No. ADHD care planning may include education about how ADHD affects your life, behavioral strategies, organizational systems, executive function tools, lifestyle modifications, and medication when clinically appropriate. Medication is one option among many. The right approach depends on your specific situation, goals, and preferences.
How long does an ADHD evaluation take?
Three visits over three to four weeks. About five hours of clinical time total. Visit 1 is the initial consultation and history review. Visit 2 is testing. Visit 3 is reviewing your integrated diagnosis and care
plan together.
How much does an ADHD evaluation cost?
$1,650 total, paid across the three visits ($550 each). The optional comprehensive written report adds $450 if you need it for workplace accommodations, university disability services, or exam
accommodations. We accept HSA/FSA cards directly and provide a superbill for out-of-network insurance reimbursement. See the Pricing page for full details.
What is the difference between ADHD and anxiety?
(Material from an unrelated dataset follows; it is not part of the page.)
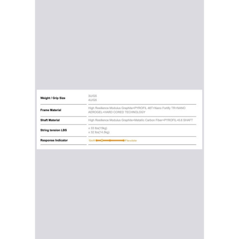 แรงตึงเอ็นที่แนะนำ: สูงสุด ≦ 33 lbs (15 kg) / ≦ 32 lbs (14.5 kg) (ขึ้นอยู่กับน้ำหนักไม้)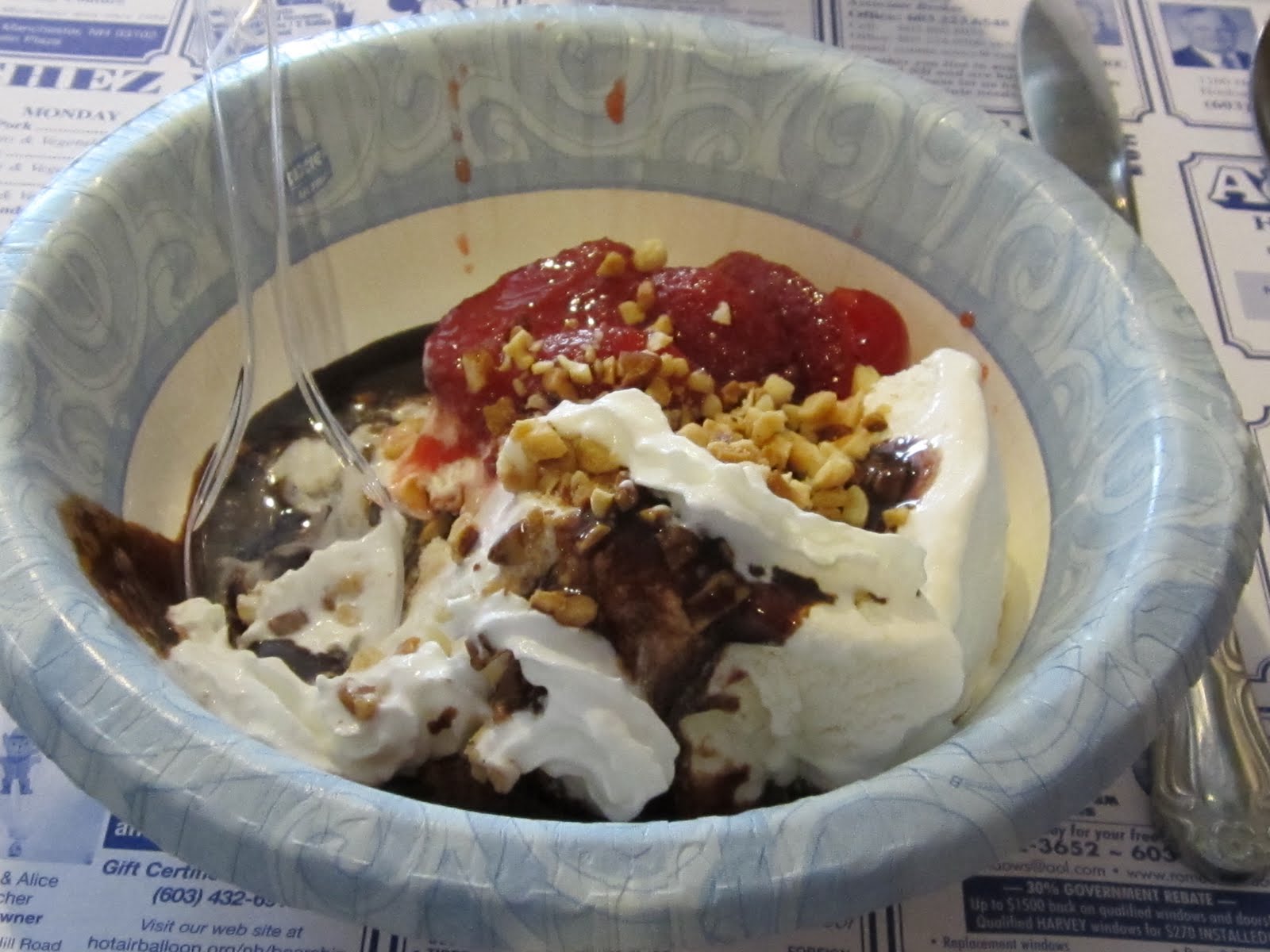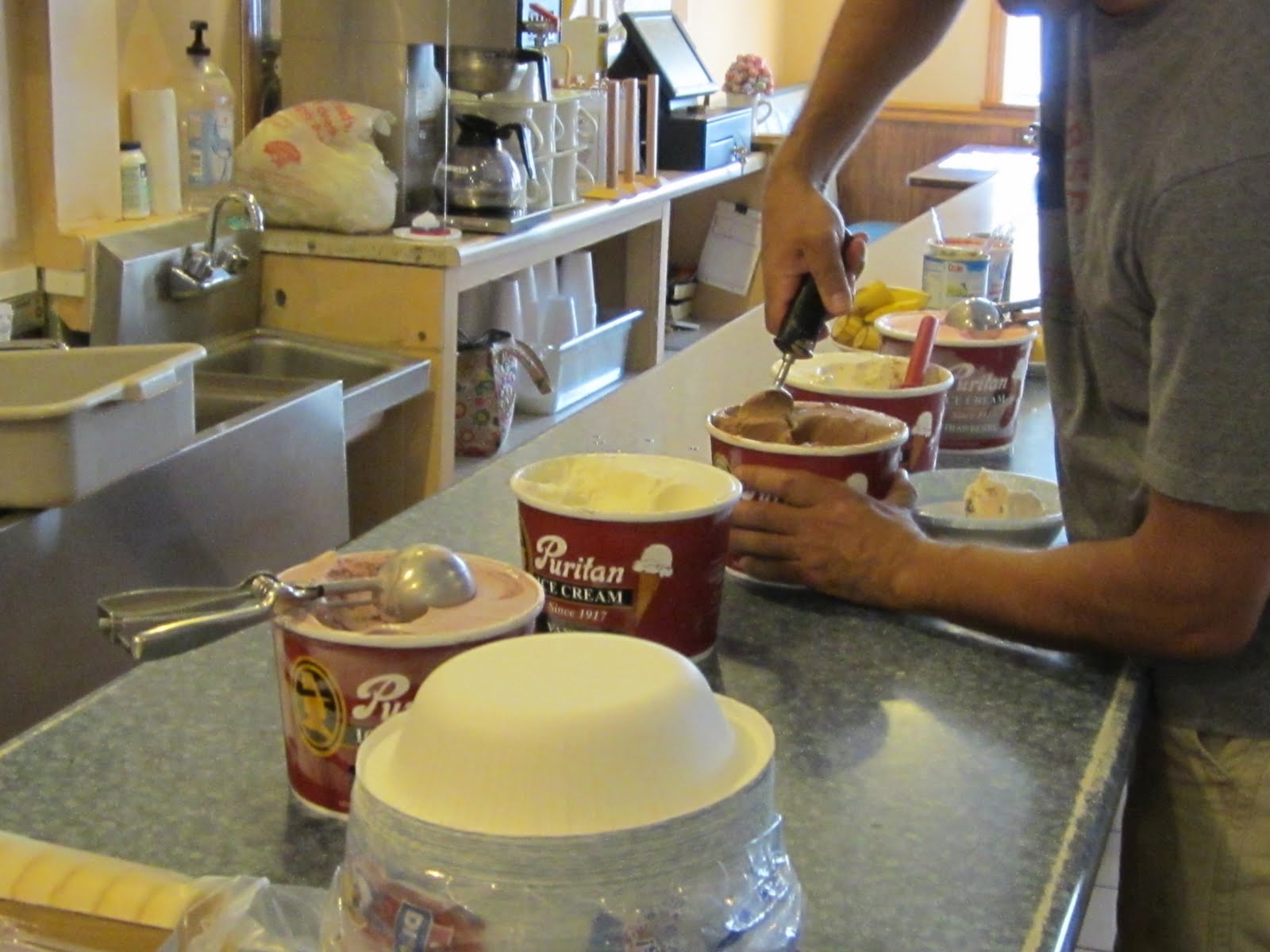 Okay, moving on......the ice cream social was sponsored by a local restaurant called the Puritan Backroom. They have good ice cream there and they brought five flavors tonight.

ADHD and anxiety are distinct, though they can co-occur and share some overlapping signs. ADHD
involves attention regulation, impulse control, and executive function differences. Anxiety involves
worry, fear, and hypervigilance. Both can cause overwhelm and difficulty focusing — but the underlying mechanisms are different. Many people with ADHD develop anxiety as a secondary response to years of struggling. A comprehensive evaluation can help clarify which conditions apply to you.
What happens after an ADHD evaluation?
After your evaluation, we review findings with you in plain language and explain what they mean for your life. From there, you can decide what support fits your needs — ongoing care at Neurokin (in NJ
or NY), coordination with your local prescriber (in DC, FL, or CA), or simply having clarity and validation for your experience.